# Small extension



## onluxtex (Nov 18, 2015)

I got my restored Faema Lambro back. I took me 6 years to find it and bring it home.

Now our kitchen is too small for other kitchen equipment. My wife has the opinion that the kitchen looks like a workshop. Women......., there is small space left for a toaster...

I am happy. My favorite dark roasts are tasting better from the lever than from the speedster.

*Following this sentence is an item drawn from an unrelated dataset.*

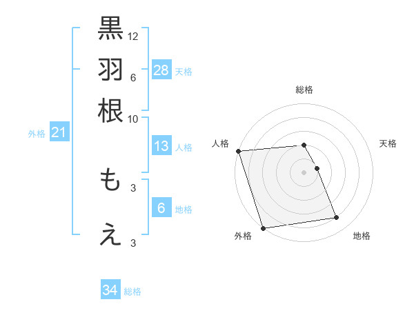 黒羽根 もえさんを姓名の画数から五運を鑑定

Mildred, I cannot clean the Faema with your Speedster towels, it doesn't work,.....what can we do?


----------



## MildredM (Feb 13, 2017)

Oh my goodness! What a tale - and what a find 😁 I love your errrrr coffee big-corner @onluxtex and you make my meagre collection of equipment seem lacking!! And yes! You do need the right towel for the job!! I have done a couple of different Faema logos, are either of them sort of thing . . .


----------



## Blue_Cafe (Jun 22, 2020)

F**k me, thats a set up!


----------



## MildredM (Feb 13, 2017)

Oh and in the same blue, of course, rather than red!


----------



## onluxtex (Nov 18, 2015)

I come back to you next month, because after this extension I am broke😂

Should be the towel on the first photo


----------



## MildredM (Feb 13, 2017)

onluxtex said:


> I come back to you next month, because after this extension I am broke😂
> 
> Should be the towel on the first photo


 Haha! It's such a stunning machine, been reading up a bit more now, I love it! I will design a more matching logo when I get a spare couple of hours


----------



## Rob1 (Apr 9, 2015)

onluxtex said:


> Now our kitchen is too small for other kitchen equipment. My wife has the opinion that the kitchen looks like a workshop.


 Sell the EtzMax? Problem solved. Room for a kettle.


----------



## onluxtex (Nov 18, 2015)

Rob1 said:


> Sell the EtzMax? Problem solved. Room for a kettle.


 never, hot water she can get from the Faema.


----------